- The Washington Times - Wednesday, January 30, 2002

LITTLE ROCK, Ark. (AP) Don't tell retired U.S. Navy Lt. Stephen Harris about the difficulties of being an Afghan war detainee in Cuba. He was tortured, beaten and starved in North Korea a far cry, he says, from what's happening in Camp X-Ray.
Many former POWs say 158 suspected al Qaeda and Taliban fighters being held by the United States at the Guantanamo Bay Naval Base camp are being treated far better than they were.
They remember forced marches in freezing temperatures with little clothing, minuscule food rations, regular beatings, torture, executions, cramped cells with little or no light, no books or writing utensils, nothing to keep their minds off the grueling conditions.
"In the entire 61/2 years I was a prisoner of war, I never saw the Red Cross," said retired Marine Corps Lt.
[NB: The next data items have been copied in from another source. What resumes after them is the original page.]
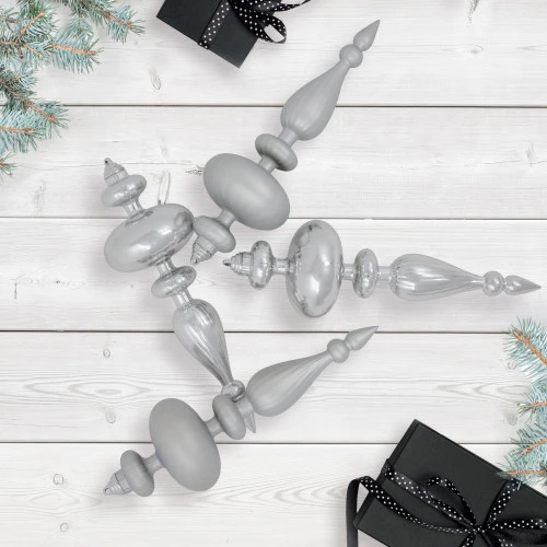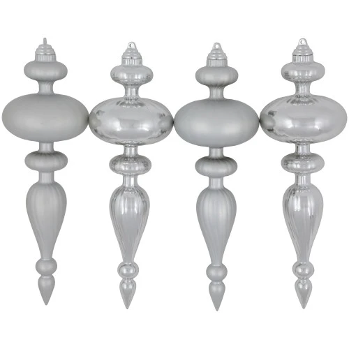 Set of 4 silver-tone Christmas finial ornaments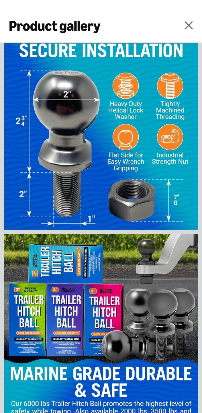 This Better Boat trailer hitch ball is designed for heavy-duty towing.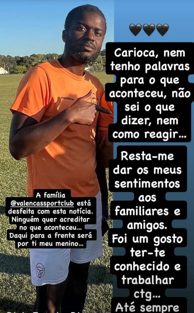 Conhecido por Yago Carioca, muito estimado por toda a equipa e restantes clubes alentejanos, era craque do Valenças, que disputa a Liga da AFE – Associação de Futebol de Évora (AFE). O atleta deixa órfã uma menina de quatro anos de idade.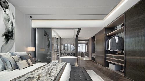 主臥套房一般包含臥室、衛(wèi)生間、衣帽間,三個(gè)主要功能空間。熙堂尚院·名筑告別了傳統(tǒng)的設(shè)計(jì),將衛(wèi)生間和衣帽間與主臥的邊界融合,擴(kuò)大了生活空間,提高了生活品質(zhì)。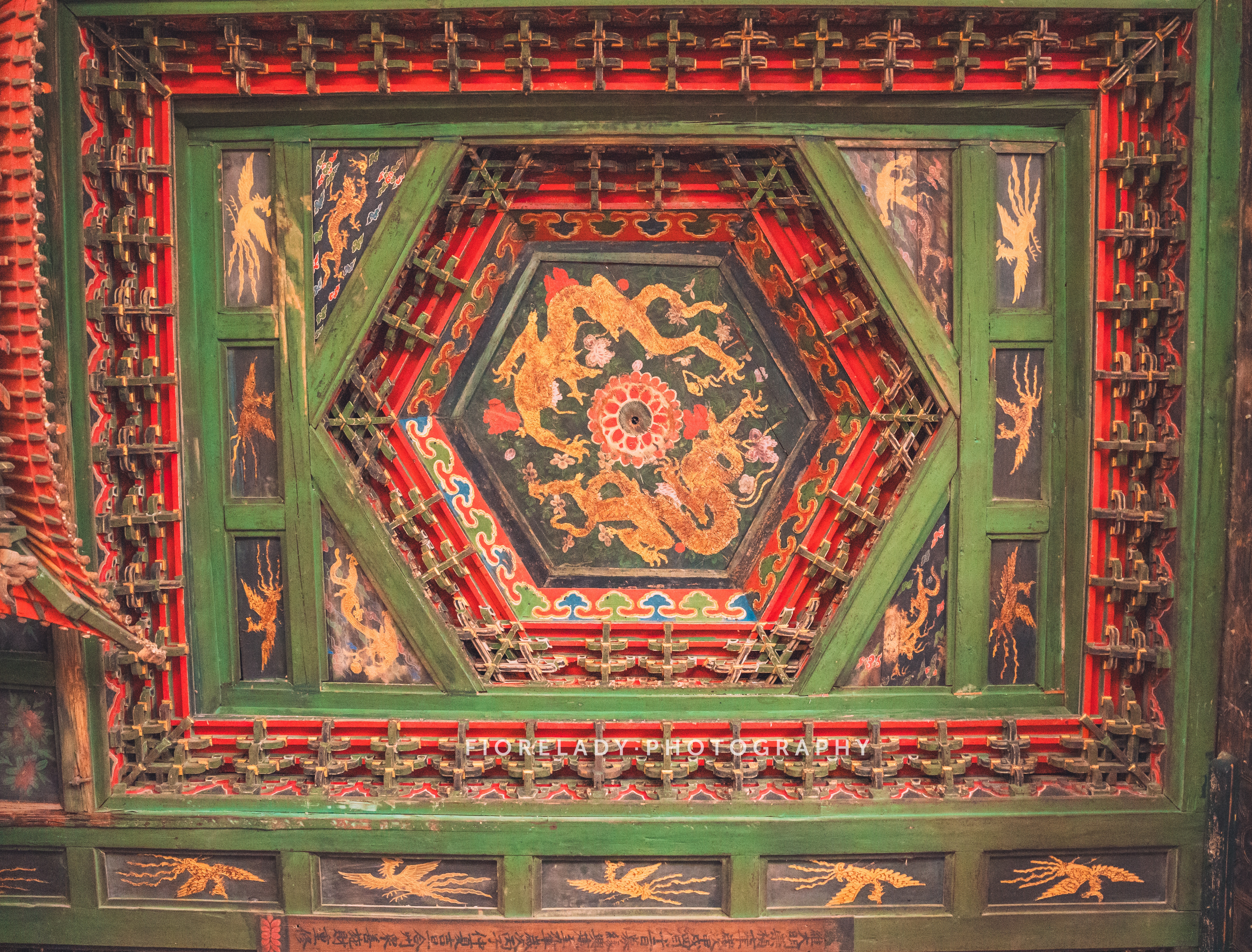 其余八眼藻井与中心藻井结构相似,虽没有天宫楼阁,但藻并四周皆有祥龙围绕彩凤飞舞,色泽华丽,构造精美,彰显皇家寺庙的气派。

Col. Orson Swindle, now a federal trade commissioner in Washington.
Mr. Swindle, a former fighter pilot, was shot down over Vietnam in November 1966 and remained in captivity until March 1973.
"I was taken into a cave, tied up, put in a pit, and they'd bring people in to see me … they'd all have rocks and sticks … and my main goal was to keep my head down so I didn't get my eyes put out," Mr. Swindle said.
In contrast, Mr. Swindle said, the detainees at Camp X-Ray are being held in open-air cells with walls of chain-link fence in tropical temperatures that hover in the low-80s. The detainees have been visited by the International Red Cross, issued prayer [skull] caps and are allowed to pray five times a day.
Upon arrival in Cuba, they were allowed to mail a letter home to let relatives know of their situation. Officials have said the prisoners will be allowed to grow back their beards and long hair that many Muslim men wear. They're also getting pita bread with their meals now, and officials are considering requests to give them access to tea and books.
The former POWs point out that designation as a prisoner of war under the Geneva Convention does not guarantee humane treatment.